* Action item:
Set down all of the data that follows word for word, without the images.

* Data segment:
----
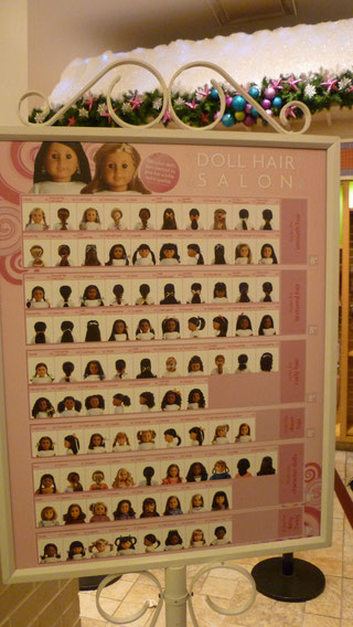 gibt es hier ein Geschäft, in dem wir aus dem Staunen nicht mehr herausgekommen sind – American Girl. Und hier werden nicht einfach Puppen verkauft … Nein! Hier sucht man sich seine Puppe aus: grüne Augen, blond, mit Stirnfransen, aber ohne Sommersprossen oder doch mit schwarzen langen Locken und Brille. Und dann geht’s erst richtig los, denn für jede Gelegenheit gibt’s die passende Ausrüstung: vom Abendkleid über Sportkleidung bis hin zum Schul- und Schlafgewand. Aber das reicht noch nicht, denn Isabelle, Caroline, … (oder wie sie alle heißen) brauchen schließlich auch ihren Schianzug und ihr Snowboard im Winter und die komplette Campingausrüstung im Sommer. Und das Beste: viele der Kleider gibt es auch in Lebensgröße für die Puppenbesitzerinnen.
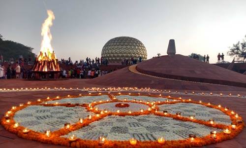 புதுச்சேரி அருகே அமைந்துள்ள விழுப்புரம் மாவட்டம் ஆரோவில் சர்வதேச நகரத்தை உருவாக்க அன்னை மிரா அல்பாசா தலைமையில் 1968 ஆம் ஆண்டு பிப்ரவரி 28ல் கட்டுமான பணிகள் துவங்கியது. அதனை யொட்டி ஒவ்வொரு ஆண்டும் ஆரோவில் பிறந்த தினம் கொண்டாடப்படுகிறது. ஆரோவில் நகரம் உருவான 54 ஆம் ஆண்டு விழாவையொட்டி, அதிகாலை 5:15 மணியளவில் ஆரோவில் மாத்ரி மந்திர் எதிரில் உள்ள ஆம்பி தியேட்டரில் போன் பையருடன் கூட்டு தியான (தீ மூட்டப்பட்டு சுற்றி அமர்ந்து தியானத்தில் ஈடுபடுவது) நிகழ்ச்சி ஒரு மணி நேரம் நடந்தது. இதில் வெளிநாடு- உள்நாடு சுற்றுலா பயணிகள் ஏராளமானோர் கலந்துகொண்டு கூட்டுத் தியானத்தில் ஈடுபட்டனர்.
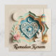 Esta tarjeta de felicitación es verdaderamente especial por su estética artesanal, que imita un hermoso diseño de recorte de papel multicapa. Los intrincados motivos del corazón y las flores, combinados con los suaves colores pastel, le dan un toque tierno y espiritual. Al incorporar la figura orante y las linternas, sirve como una forma altamente decorativa y significativa de desear a alguien "Ramadán Kareem".
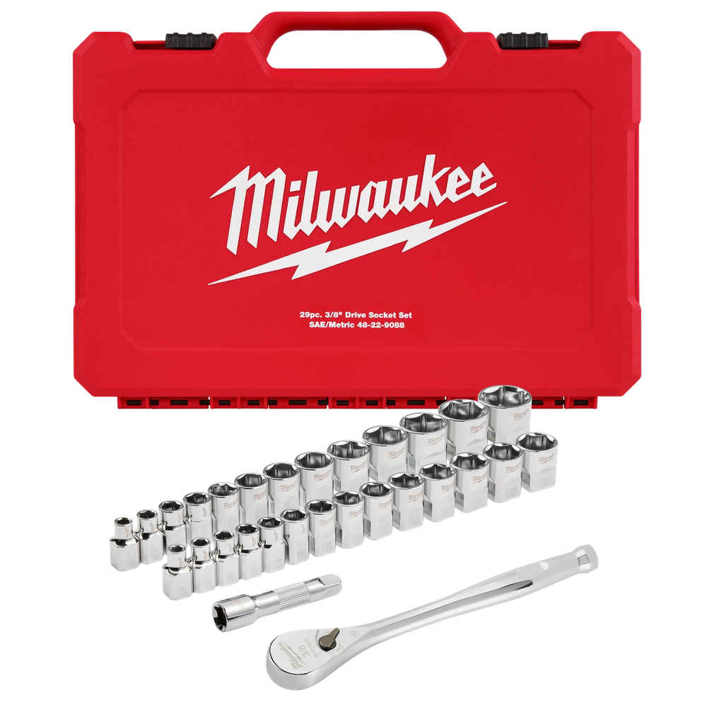 Milwaukee 29pc 3/8 inch Drive Metric & SAE Ratchet and Socket Set
----
* Exercise solution:
 gibt es hier ein Geschäft, in dem wir aus dem Staunen nicht mehr herausgekommen sind – American Girl. Und hier werden nicht einfach Puppen verkauft … Nein! Hier sucht man sich seine Puppe aus: grüne Augen, blond, mit Stirnfransen, aber ohne Sommersprossen oder doch mit schwarzen langen Locken und Brille. Und dann geht’s erst richtig los, denn für jede Gelegenheit gibt’s die passende Ausrüstung: vom Abendkleid über Sportkleidung bis hin zum Schul- und Schlafgewand. Aber das reicht noch nicht, denn Isabelle, Caroline, … (oder wie sie alle heißen) brauchen schließlich auch ihren Schianzug und ihr Snowboard im Winter und die komplette Campingausrüstung im Sommer. Und das Beste: viele der Kleider gibt es auch in Lebensgröße für die Puppenbesitzerinnen.
 புதுச்சேரி அருகே அமைந்துள்ள விழுப்புரம் மாவட்டம் ஆரோவில் சர்வதேச நகரத்தை உருவாக்க அன்னை மிரா அல்பாசா தலைமையில் 1968 ஆம் ஆண்டு பிப்ரவரி 28ல் கட்டுமான பணிகள் துவங்கியது. அதனை யொட்டி ஒவ்வொரு ஆண்டும் ஆரோவில் பிறந்த தினம் கொண்டாடப்படுகிறது. ஆரோவில் நகரம் உருவான 54 ஆம் ஆண்டு விழாவையொட்டி, அதிகாலை 5:15 மணியளவில் ஆரோவில் மாத்ரி மந்திர் எதிரில் உள்ள ஆம்பி தியேட்டரில் போன் பையருடன் கூட்டு தியான (தீ மூட்டப்பட்டு சுற்றி அமர்ந்து தியானத்தில் ஈடுபடுவது) நிகழ்ச்சி ஒரு மணி நேரம் நடந்தது. இதில் வெளிநாடு- உள்நாடு சுற்றுலா பயணிகள் ஏராளமானோர் கலந்துகொண்டு கூட்டுத் தியானத்தில் ஈடுபட்டனர்.
 Esta tarjeta de felicitación es verdaderamente especial por su estética artesanal, que imita un hermoso diseño de recorte de papel multicapa. Los intrincados motivos del corazón y las flores, combinados con los suaves colores pastel, le dan un toque tierno y espiritual. Al incorporar la figura orante y las linternas, sirve como una forma altamente decorativa y significativa de desear a alguien "Ramadán Kareem".
 Milwaukee 29pc 3/8 inch Drive Metric & SAE Ratchet and Socket Set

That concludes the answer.